**What is needed:**
Please copy each line of the listing below precisely, excluding the images.
######
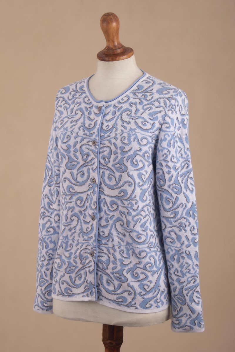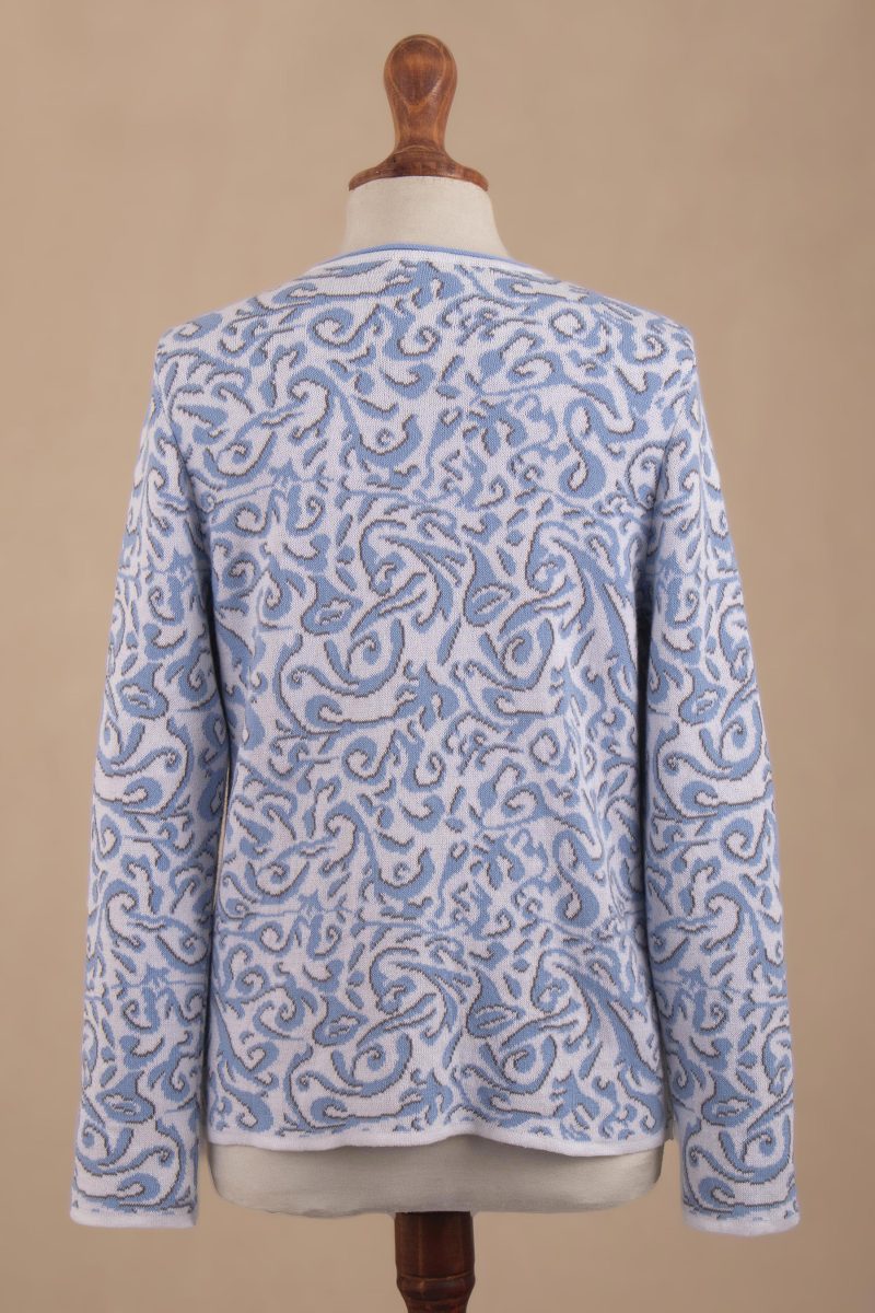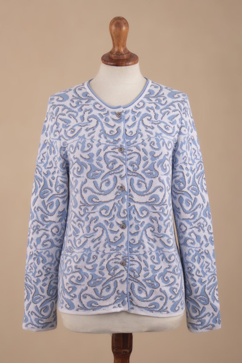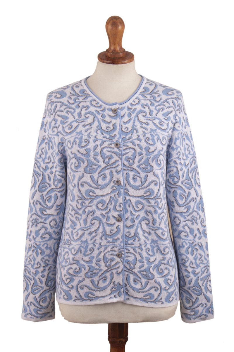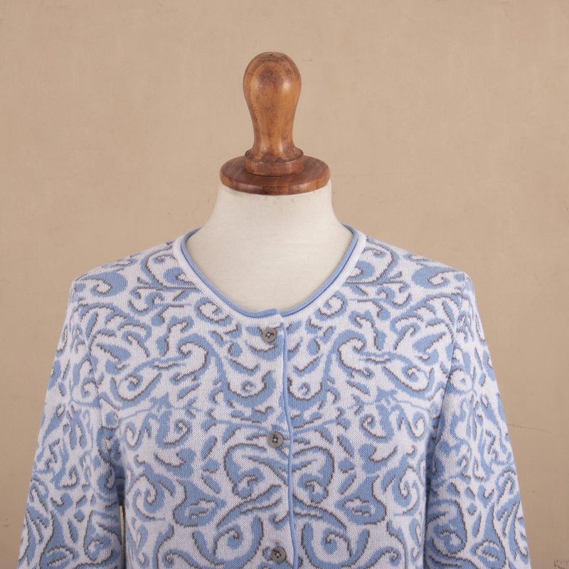 You can find our cotton cardigan 'Frida in Cerulean' by Patricia Lopez in clothing categories such as Floral Sweaters, Cotton Sweaters and Cardigans Sweaters. Enjoy exploring these sections for other Novica treasures.
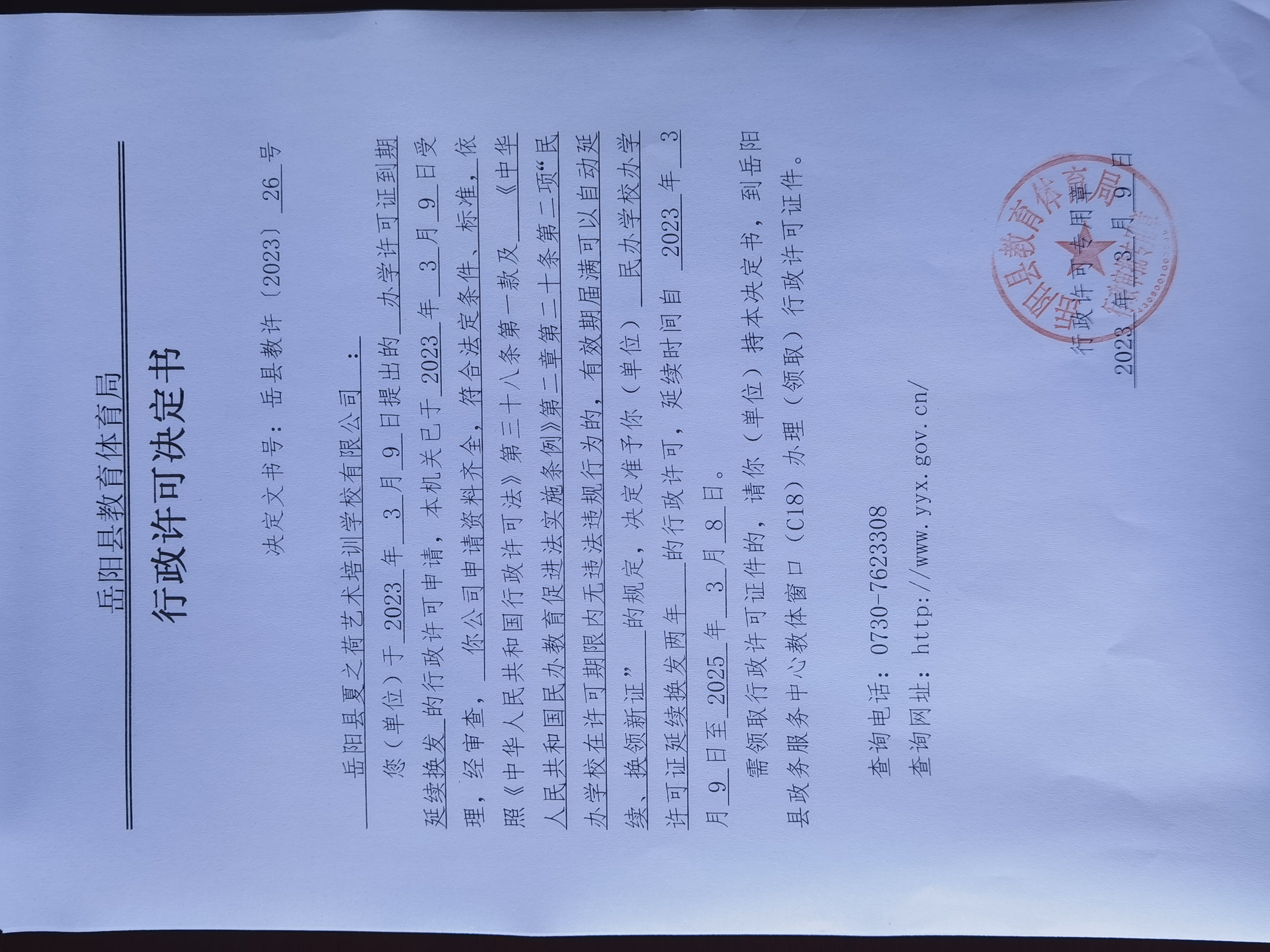 关于准予岳阳县夏之荷艺术培训学校有限公司办学许可证到期延续换发的许可决定
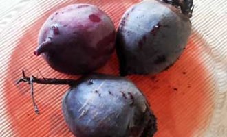 Om het koken te vereenvoudigen, kook je de bieten in de magnetron. Daarom spoelen we het grondig af en prikken het voorzichtig van verschillende kanten met een vork. We nemen een magnetroncontainer, gieten er een glas water in en dompelen de bieten onder. Dek af met een deksel en laat 10 minuten staan. in de modus "groenten". Als de tijd om is, opent u de magnetron, draait u hem om en herhaalt u de procedure.
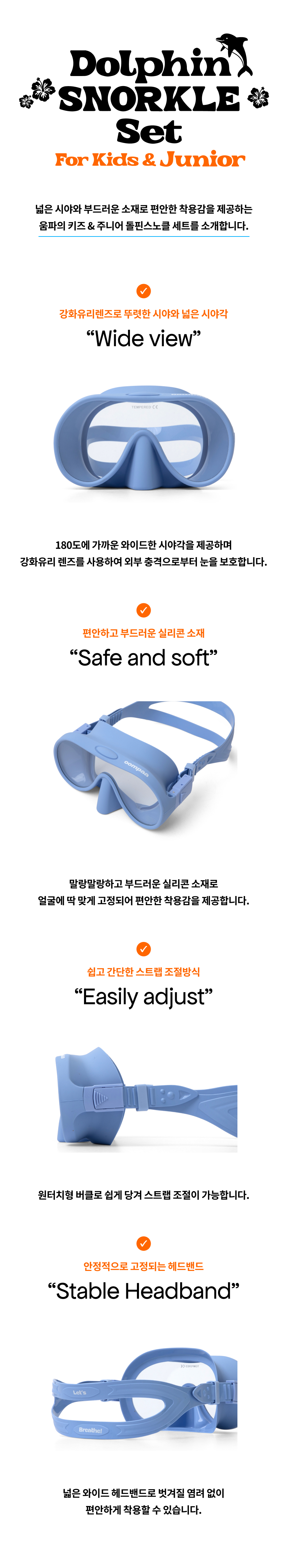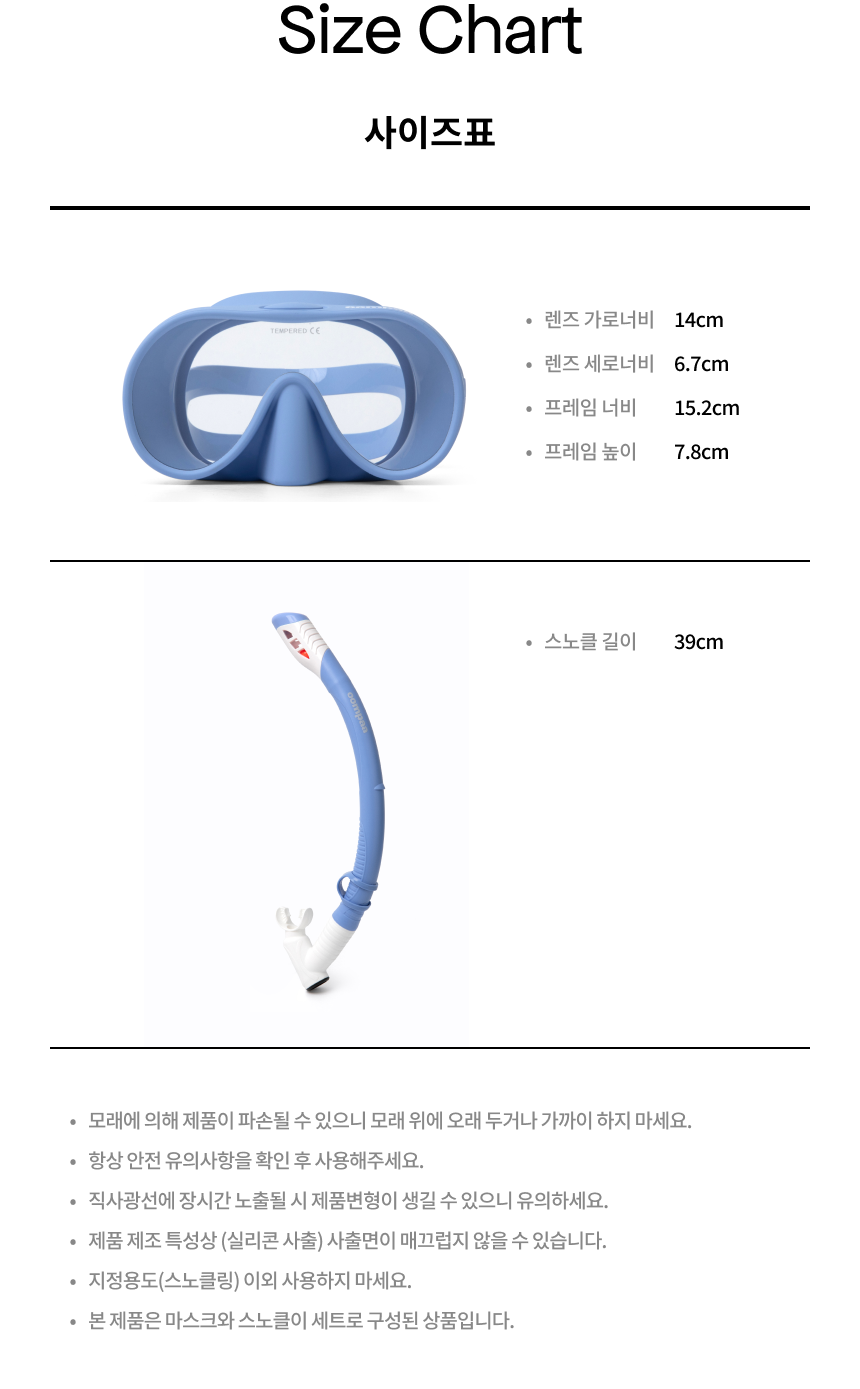 •렌즈 가로너비 : 15cm •렌즈 세로너비 : 7.2cm •프레임 너비 : 16.5cm •프레임 높이 : 8.5cm•스노클 길이 : 35cm •스노클 캐리어 너비 : 9cm
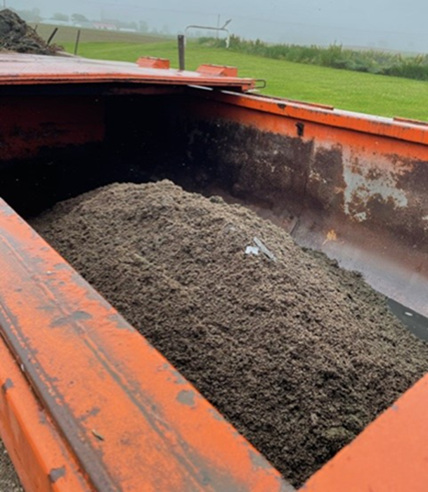 Twenty cubic yards of the initial manure solids were collected for use by a Cleveland off-site taker to investigate its viability as a composting foundational ingredient, while several different off-site takers were sent samples of the final dewatered material containing the recovered phosphorus. An additional three tons of stackable final product were sent to several off-site takers in Allen County, IN for use and evaluation, an additional 20 cubic yards of the geobag containing product were sent to a local farmer for application in a 40 acre wheat field and the remainder of the material (both manure solids and geobag material) were land applied by the host farm.
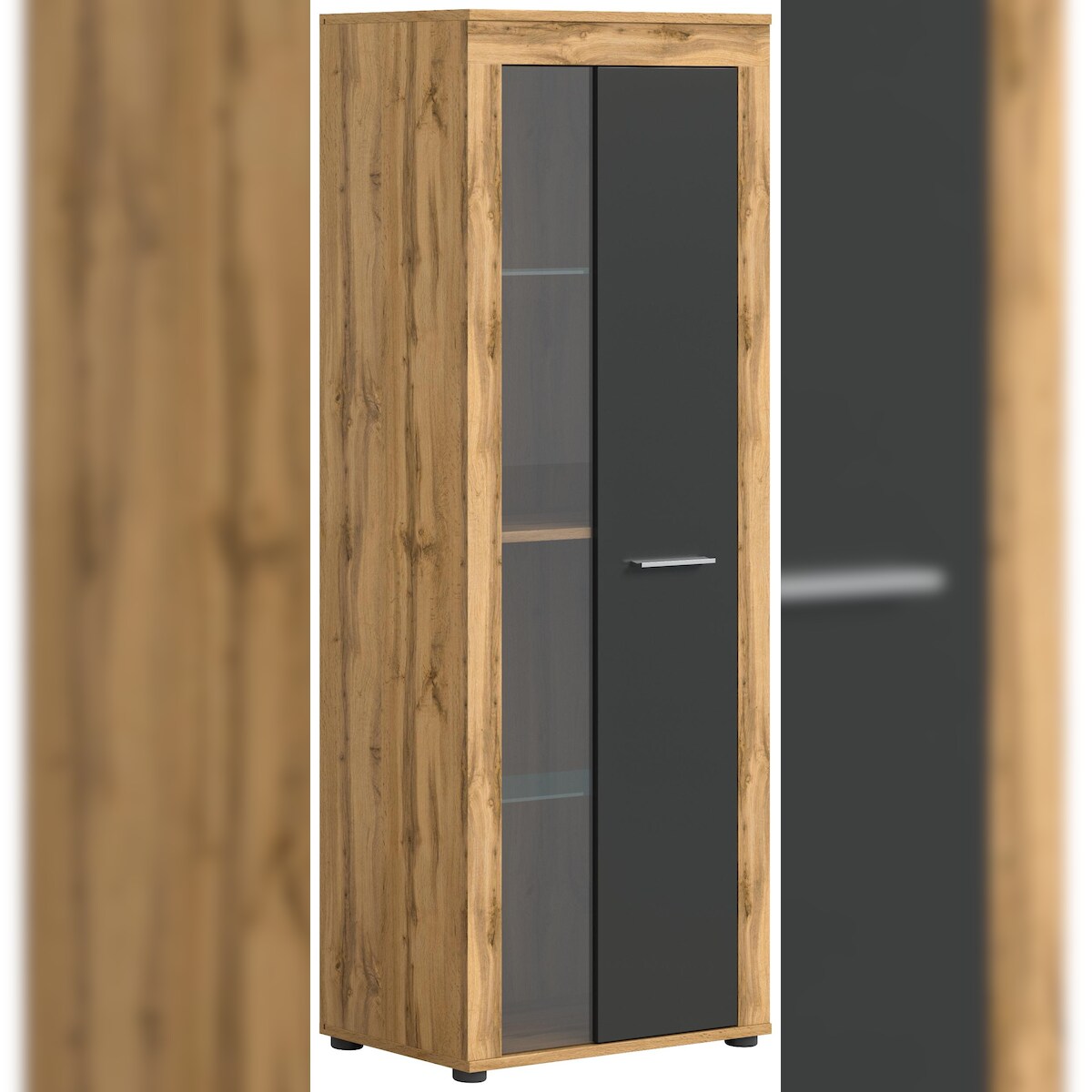 Vitrine HOME AFFAIRE "Cornwall, Hochschrank im Landhausstil, Glasvitrine, Eiche Dekor", braun (eiche), B:147cm H:214cm T:42cm, Holzwerkstoff, Schränke, Vitrine, Metallgriffe, 147 cm breit, viel Stauraum, in zwei Grössen verfügbar eiche Eiche, B/H/T: 147cm
######
**Response below:**
 You can find our cotton cardigan 'Frida in Cerulean' by Patricia Lopez in clothing categories such as Floral Sweaters, Cotton Sweaters and Cardigans Sweaters. Enjoy exploring these sections for other Novica treasures.
 关于准予岳阳县夏之荷艺术培训学校有限公司办学许可证到期延续换发的许可决定
 Om het koken te vereenvoudigen, kook je de bieten in de magnetron. Daarom spoelen we het grondig af en prikken het voorzichtig van verschillende kanten met een vork. We nemen een magnetroncontainer, gieten er een glas water in en dompelen de bieten onder. Dek af met een deksel en laat 10 minuten staan. in de modus "groenten". Als de tijd om is, opent u de magnetron, draait u hem om en herhaalt u de procedure.
 •렌즈 가로너비 : 15cm •렌즈 세로너비 : 7.2cm •프레임 너비 : 16.5cm •프레임 높이 : 8.5cm•스노클 길이 : 35cm •스노클 캐리어 너비 : 9cm
 Twenty cubic yards of the initial manure solids were collected for use by a Cleveland off-site taker to investigate its viability as a composting foundational ingredient, while several different off-site takers were sent samples of the final dewatered material containing the recovered phosphorus. An additional three tons of stackable final product were sent to several off-site takers in Allen County, IN for use and evaluation, an additional 20 cubic yards of the geobag containing product were sent to a local farmer for application in a 40 acre wheat field and the remainder of the material (both manure solids and geobag material) were land applied by the host farm.
 Vitrine HOME AFFAIRE "Cornwall, Hochschrank im Landhausstil, Glasvitrine, Eiche Dekor", braun (eiche), B:147cm H:214cm T:42cm, Holzwerkstoff, Schränke, Vitrine, Metallgriffe, 147 cm breit, viel Stauraum, in zwei Grössen verfügbar eiche Eiche, B/H/T: 147cm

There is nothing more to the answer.